Slippery Oranges
by Sara Palmer
On December 31st, 2017, Grace Gonzalez along with her two granddaughters were visiting the Ontario Mills Shopping Center. While they were in front of a Converse store, Gonzalez, the plaintiff, slipped and fell on what appeared to be oranges. At the time of the fall, the company Interstate Cleaning Corporation (ICC) was in charge of cleaning the shopping center. The plaintiff filed a form complaint against Ontario Mills Shopping Center and ICC two years later, alleging a single cause of action for premises liability.
The defendants, specifically ICC, moved for summary judgment arguing they could not be held liable for the plaintiff’s injuries. They state that they had no actual or constructive knowledge of the spilled oranges and could not have remedied the dangerous condition in time to avert the fall. The defendants submitted substantial evidence that shows their training and maintenance regimens to prove their motion.

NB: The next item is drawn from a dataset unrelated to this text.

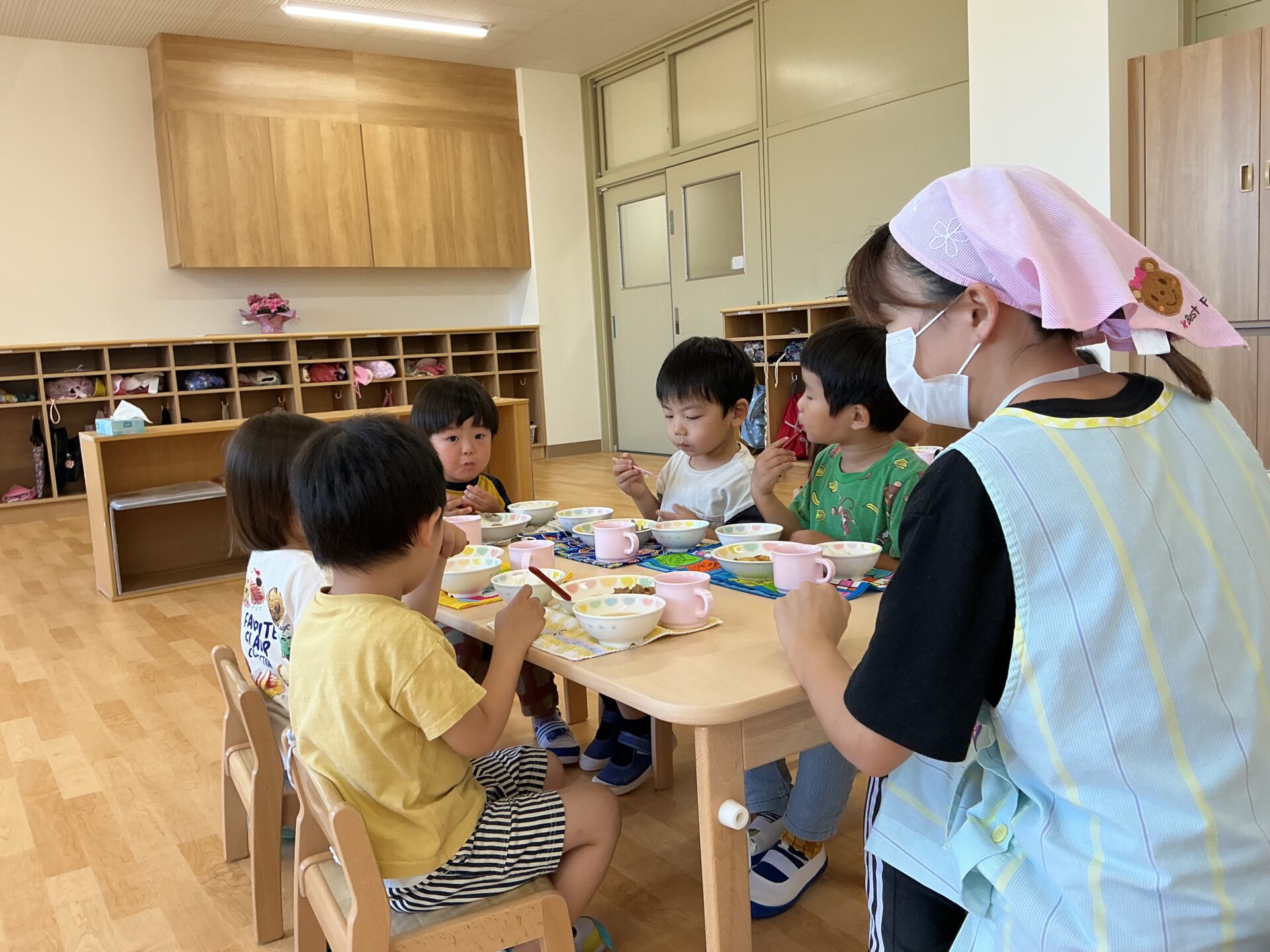 今日は、北里くじらこども園が開園してから、初めての給食日です。
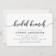 Na moda Bridal Brunch Invitation com as palavras "Bridal Brunch" em um script cursivo relaxado a preto contra fundo branco. A placa tem um lado preto com linhas brancas sobrepostas. Personalize-o substituindo o texto do marcador de posição. Para obter mais opções, como alterar a fonte e seu tamanho/cor ou o espaçamento entre letras, clique no botão "Personalizar". *Observe que a Marca d'água do Zazzle que aparece na visualização de zoom NÃO aparecerá no produto impresso final. © Rosewood e Citrus

To properly maintain the cleanliness of the property, the company hired janitorial staff, a.k.a. porters. These porters were to walk predesignated routes every 20 to 30 minutes, inspecting the common area floors for any liquid or debris. While inspecting the floors, the porters do not push janitorial carts as the carts can hinder the porters’ view of anything that needs to be cleaned.
Each porter goes through a detailed training program to ensure that they understand the importance of the inspections. It starts with 21 days of hands‑on training ‑ how to follow the designated routes while looking for any debris, substances, and/or other liquids and how to clean any conditions that is found during the inspection. Once this training is completed the ICC conducts unannounced testing 30, 60, and 90 days after the initial training. After the final testing, each porter is subject to regular training and testing during the remainder of their employment.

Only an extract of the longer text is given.